The linearized pUC57-hisG-Ura-hisG plasmid and the TGL4 site initiation codon upstream homology arm TGL4-up constructed in title 9 of this example (with pUC57-hisG-Ura-hisG homology arm sequences at both ends) were used by Nannofurovone Biotechnology Co.Ltd IIOne Step Cloning Kit one-step cloning was performed to obtain a circular recombinant vector.
The circular recombinant vector is transformed into escherichia coli DH5 alpha competent cells, and positive recombinant plasmid pUC-HUH-TGL4-up is obtained through screening of ampicillin resistance plates and colony PCR and sequencing verification.
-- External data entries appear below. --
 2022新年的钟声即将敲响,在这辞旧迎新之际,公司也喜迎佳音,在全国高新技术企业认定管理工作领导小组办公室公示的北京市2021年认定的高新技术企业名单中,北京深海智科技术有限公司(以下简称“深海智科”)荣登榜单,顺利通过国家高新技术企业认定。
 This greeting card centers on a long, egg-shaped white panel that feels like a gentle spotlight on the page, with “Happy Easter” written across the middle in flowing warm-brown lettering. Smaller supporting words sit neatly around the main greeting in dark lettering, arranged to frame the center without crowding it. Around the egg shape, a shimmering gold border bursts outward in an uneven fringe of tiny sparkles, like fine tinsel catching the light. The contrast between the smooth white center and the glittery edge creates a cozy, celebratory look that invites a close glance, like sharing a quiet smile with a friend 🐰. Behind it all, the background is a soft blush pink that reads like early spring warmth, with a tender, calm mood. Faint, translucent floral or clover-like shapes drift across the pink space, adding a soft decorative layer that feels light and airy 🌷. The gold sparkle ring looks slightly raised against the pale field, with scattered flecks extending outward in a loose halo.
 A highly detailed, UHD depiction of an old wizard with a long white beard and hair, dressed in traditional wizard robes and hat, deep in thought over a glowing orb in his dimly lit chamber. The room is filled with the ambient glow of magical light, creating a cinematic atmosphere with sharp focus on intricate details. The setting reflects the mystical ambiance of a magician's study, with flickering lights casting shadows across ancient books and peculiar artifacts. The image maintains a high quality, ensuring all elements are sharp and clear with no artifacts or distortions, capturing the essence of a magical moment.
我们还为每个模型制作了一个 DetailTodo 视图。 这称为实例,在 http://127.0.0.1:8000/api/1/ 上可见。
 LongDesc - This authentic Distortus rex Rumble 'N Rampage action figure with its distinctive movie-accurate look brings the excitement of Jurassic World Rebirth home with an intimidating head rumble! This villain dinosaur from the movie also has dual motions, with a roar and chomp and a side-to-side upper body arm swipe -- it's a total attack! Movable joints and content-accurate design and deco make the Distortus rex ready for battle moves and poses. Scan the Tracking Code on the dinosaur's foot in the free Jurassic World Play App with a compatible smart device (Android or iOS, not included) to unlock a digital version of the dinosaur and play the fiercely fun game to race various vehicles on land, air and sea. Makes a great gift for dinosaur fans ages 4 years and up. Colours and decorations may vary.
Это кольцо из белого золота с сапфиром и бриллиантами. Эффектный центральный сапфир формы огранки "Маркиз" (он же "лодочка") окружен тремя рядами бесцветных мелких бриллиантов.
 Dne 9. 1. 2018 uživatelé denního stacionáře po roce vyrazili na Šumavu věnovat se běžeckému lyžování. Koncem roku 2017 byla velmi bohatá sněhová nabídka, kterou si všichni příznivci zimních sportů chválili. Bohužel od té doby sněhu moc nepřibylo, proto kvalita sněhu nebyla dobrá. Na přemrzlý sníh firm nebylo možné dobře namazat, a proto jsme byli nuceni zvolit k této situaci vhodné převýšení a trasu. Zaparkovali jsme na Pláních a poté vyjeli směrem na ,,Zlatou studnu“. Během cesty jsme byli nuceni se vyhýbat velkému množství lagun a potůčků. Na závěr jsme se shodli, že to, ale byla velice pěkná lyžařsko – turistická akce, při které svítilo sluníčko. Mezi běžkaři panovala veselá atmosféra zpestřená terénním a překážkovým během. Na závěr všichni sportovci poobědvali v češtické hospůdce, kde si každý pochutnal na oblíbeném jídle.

The homology arm TGL4-Down downstream of the TGL4 site stop codon was amplified using TGL4-dm-F and TGL4-dm-R as primers and Yarrowia lipolytica Po fΔku70 genomic DNA as template.
The linearized pUC-HUH-TGL4-up plasmid was recovered by agarose gel electrophoresis after cleavage of the plasmid pUC-HUH-TGL4-up with NEB restriction enzyme HindIII.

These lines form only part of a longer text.